Assignment => All the lines below should be set down exactly, with no picture carried into the copy.

Exercise data =>
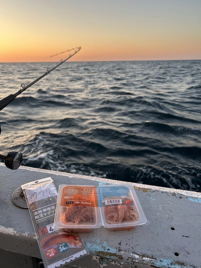 日ごとにアタリ餌が異なる為 実績の高い ホタルイカ、大粒のオキアミ を中心に近年甘鯛狙いのマストアイテムになってきている太青イソメを使います。
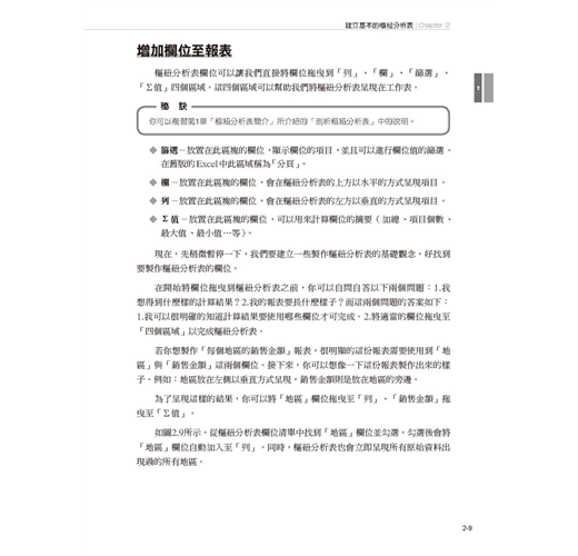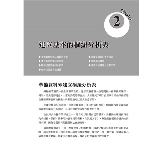 ‧以觀念引導為出發點,包含各種實務技巧,徹底掌握樞紐分析表的使用方法
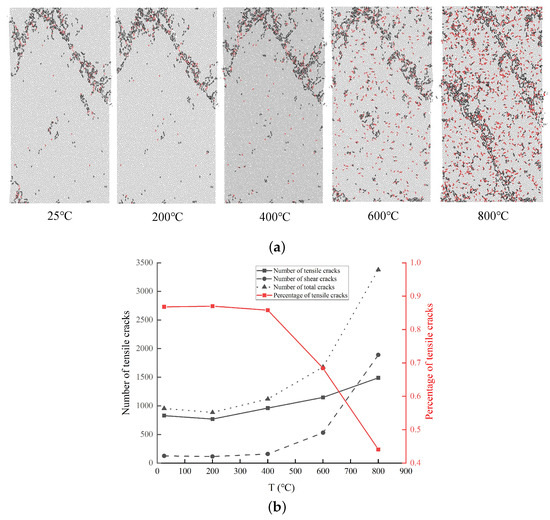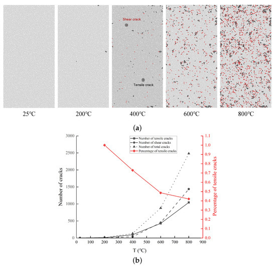 Figure 14b shows that 829 tensile cracks and 126 shear cracks form after reaching the damage strength at 25 C, the tensile cracks account for 86.81% of the total number of cracks, and the damage is mainly due to tensile damage. From the appearance of the sample, the distribution of cracks is concentrated, and is mainly located in the upper part of the model, and the cracks develop from the middle of the upper surface to the middle of the left and right sides. The shear zone gradually develops into a rupture surface. With increasing temperature, the number of tensile cracks gradually increases, while the number of shear cracks increases faster, and the latter exceeds the former at 800 C. The trend of the total number of cracks is similar to that of shear cracks, indicating that the specimen is significantly affected by shear damage. A total of 1489 tensile cracks and 1890 shear cracks form after reaching the damage strength at 800 C. The shear cracks account for 55.93% of the total number of cracks, which is 15× that at 25 C, indicating that the damage is changed from mainly tensile cracks to mainly shear cracks with increasing temperature. From the images it is observed that the cracks are more scattered at 800 C than at 25 C; they develop from the top of the upper surface to the middle of the right side while also expanding from the middle of the left side to the lower surface, forming two rupture surfaces. A higher temperature corresponds to a higher degree of damage.

Written solution =>
 日ごとにアタリ餌が異なる為 実績の高い ホタルイカ、大粒のオキアミ を中心に近年甘鯛狙いのマストアイテムになってきている太青イソメを使います。
 ‧以觀念引導為出發點,包含各種實務技巧,徹底掌握樞紐分析表的使用方法
 Figure 14b shows that 829 tensile cracks and 126 shear cracks form after reaching the damage strength at 25 C, the tensile cracks account for 86.81% of the total number of cracks, and the damage is mainly due to tensile damage. From the appearance of the sample, the distribution of cracks is concentrated, and is mainly located in the upper part of the model, and the cracks develop from the middle of the upper surface to the middle of the left and right sides. The shear zone gradually develops into a rupture surface. With increasing temperature, the number of tensile cracks gradually increases, while the number of shear cracks increases faster, and the latter exceeds the former at 800 C. The trend of the total number of cracks is similar to that of shear cracks, indicating that the specimen is significantly affected by shear damage. A total of 1489 tensile cracks and 1890 shear cracks form after reaching the damage strength at 800 C. The shear cracks account for 55.93% of the total number of cracks, which is 15× that at 25 C, indicating that the damage is changed from mainly tensile cracks to mainly shear cracks with increasing temperature. From the images it is observed that the cracks are more scattered at 800 C than at 25 C; they develop from the top of the upper surface to the middle of the right side while also expanding from the middle of the left side to the lower surface, forming two rupture surfaces. A higher temperature corresponds to a higher degree of damage.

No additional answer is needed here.